<238>Dans le Brandebourg et dans la plupart des provinces de l'Allemagne, le peuple portait impatiemment le joug du clergé romain : c'était une religion trop onéreuse pour des pays aussi peu opulents; le purgatoire, la messe des morts et des vivants, le jubilé, les annates, les indulgences, les péchés véniels et mortels, les pénitences changées en amendes pécuniaires, les affaires matrimoniales, les vœux, les offrandes, étaient autant d'impôts que le pape levait sur la crédulité, et qui lui donnaient des revenus aussi solides que le Mexique en fournit à l'Espagne.

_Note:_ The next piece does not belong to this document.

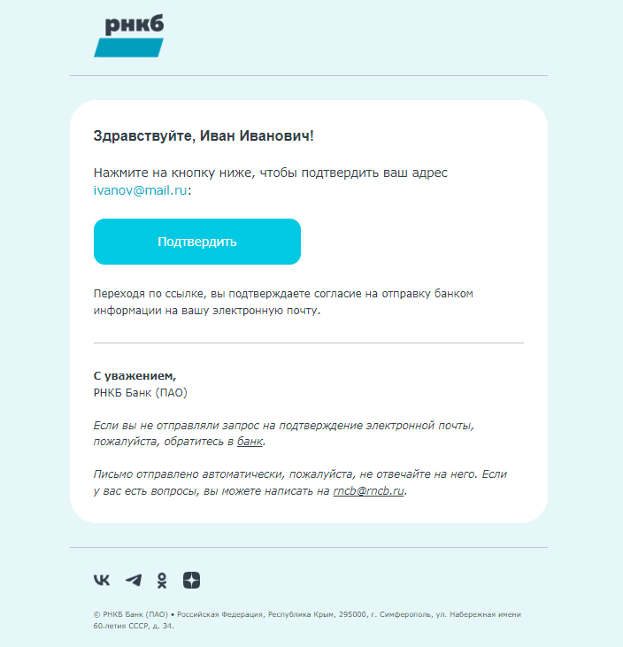 РНКБ — ещё один пример лаконичного письма с акцентом на CTA.

Ceux qui les payaient étaient épuisés et mécontents; il n'était donc pas même nécessaire d'employer l'évidence des arguments, pour disposer ces esprits à recevoir la réforme; ils criaient contre le clergé qui les opprimait; un homme vint, qui promit de les en délivrer, et ils le suivirent.

Joachim II fut le premier électeur qui embrassa la religion luthérienne; sa mère, qui était une princesse de Danemark, lui communiqua ses sentiments, car la nouvelle doctrine avait pénétré en Danemark, avant que d'être reçue dans le Brandebourg. Le pays suivit l'exemple du prince, et tout le Brandebourg se fit protestant. Matthieu Jagow, évêque de Brandebourg, administra le sacrement sous les deux espèces dans le couvent des moines noirs; ce couvent devint ensuite la cathédrale de Berlin. Joachim II se distingua dans le parti, tant par les lettres de controverse qu'il écrivit au roi de Pologne, que par les discours éloquents, à ce que disent les auteurs,50 que ce prince prononça à la diète d'Augsbourg, en faveur des protestants.

La réforme ne put point détruire toutes les erreurs; quoiqu'elle eût ouvert les yeux du peuple sur une infinité de superstitions, il s'en conserva encore beaucoup d'autres, tant la pente de l'esprit humain


50 Lockelius; Annales de Brandebourg. [Ces auteurs ne parlent pas de discours éloquents prononcés par Joachim II; mais Angelus fait mention des trois discours que l'électeur Joachim Ier prononça à la diète d'Augsbourg, en 1530.]